Prompt Payment Of Claims Violations

When does the time to start calculating the time a payment is due under an insurance policy claim?  Good question but not an easy answer.

The penalty for violation of the Texas Prompt Payment of Claims Act is an 18% penalty on the amount due and owing on the claim according to Insurance Code, Section 542.060.  However, the date that amount accrues is not so easy.

The statute does not say when the penalty accrues.  On approach would be to begin accruing the 18% damages from the date the claim was received.  This focuses on the length of time the claimant has been without his or her money, instead of focusing on the length of time the insurer has been in error.  This approach encourages prompt payment of claims.  As the claim proceeds towards payment, the insurer’s incentive to pay the claim would increase.  Any error, even at the last stage, would accrue damages at 18%, retroactive to the date the claim was filed.  This approach has the benefit of making payment of the claim more important to the insurer, even as the passage of time makes payment of the claim more important to the insured.

Another approach is to begin the 18% damages accruing at the time of the violation.  An insurer that errs later pays less.  Those who err early pay more.  In the 1997, Eastern District of Texas opinion styled, Teate v. Mutual Life Insurance Co. of New York, the court started the 18% damages accruing on the date of the insurer’s violation.  In that case, the violation was the insurer’s failure to pay within 60 days after receiving proof of the claim.

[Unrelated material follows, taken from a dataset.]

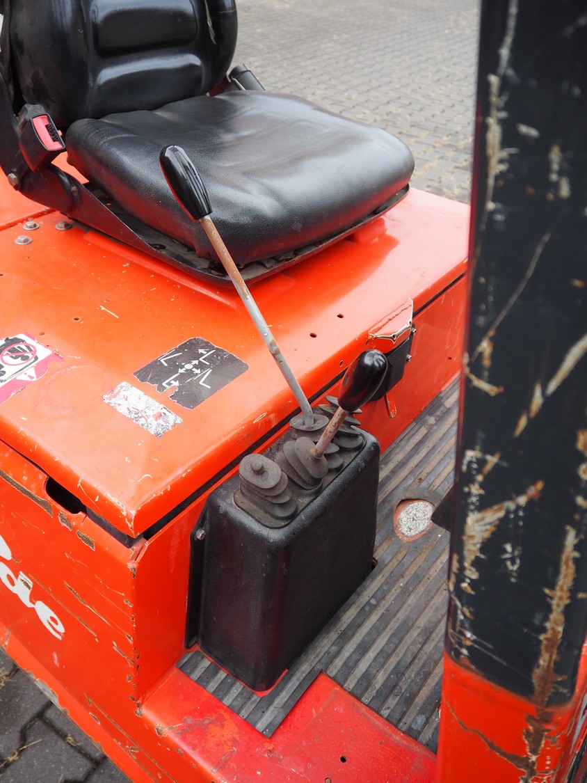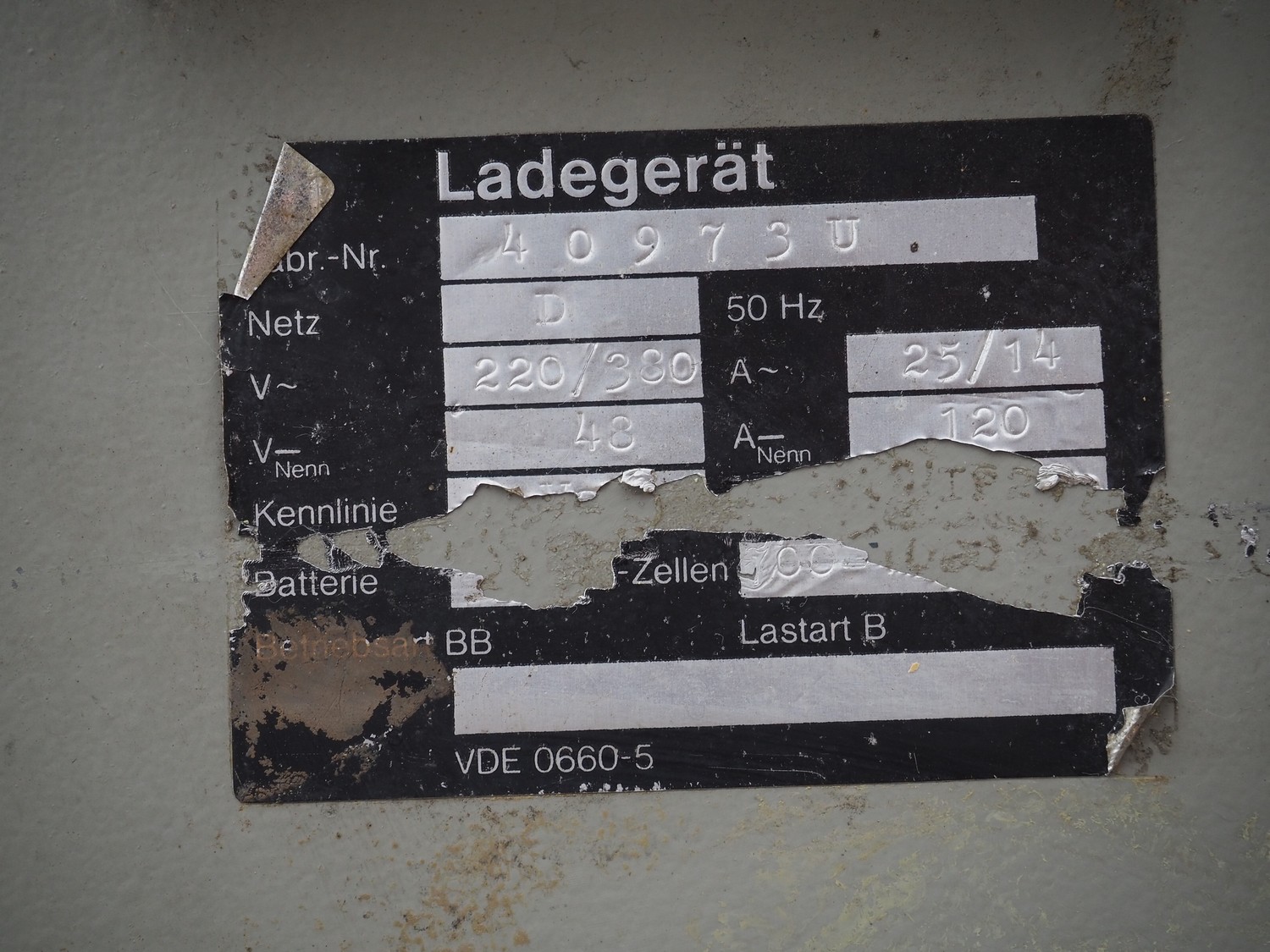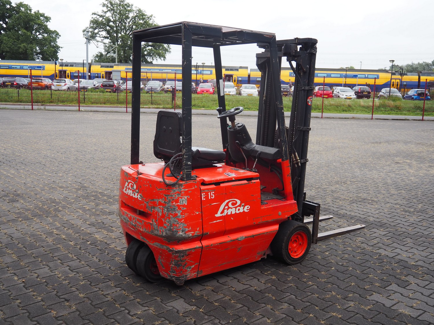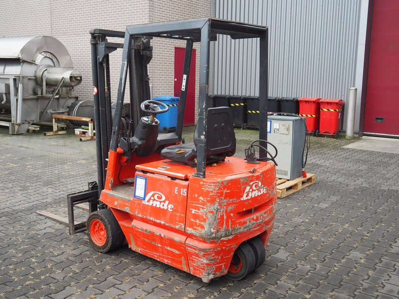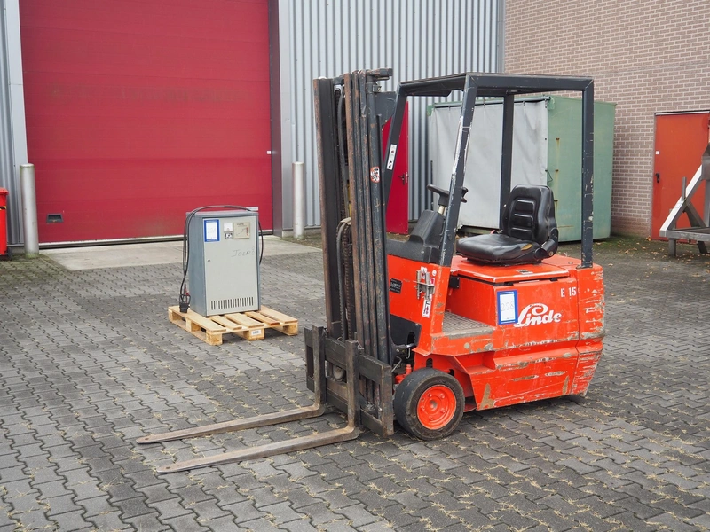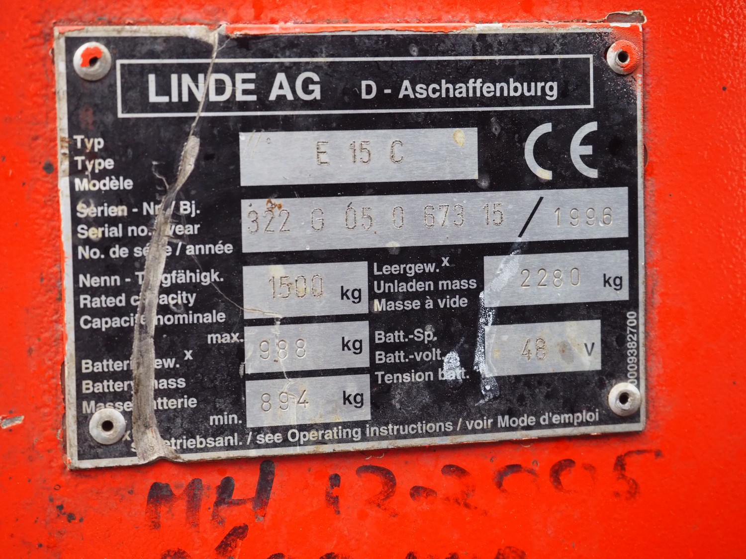 Linde AG electrical forklift, type: E 15 C, serial number: 322 G 05 0 673 15, year of construction: 1996, capacity: 1500 kg, unladen mass: 2280 kg, weight battery: 988/894 kg, fork length: 1090 mm, total dimensions: 2930 mm x 1060 mm x 2050 mm. Including Varta battery charger, dimensions charger: 550 mm x 440 mm x 910 mm.

An odd method was employed in the 1999, Tyler Court of Appeals opinion styled, Dunn v. Southern Farm Bureau Casualty Insurance Co., where the court of appeals started the accrual of the 18% damages 150 days after the insurer received notice of the claim.  The court apparently did this by analogy to the prejudgment interest statute.  Other than establishing a parallel between the prejudgment interest statute and the Prompt Pay statute, this approach has little to recommend itself.  Nothing in the statute supports it.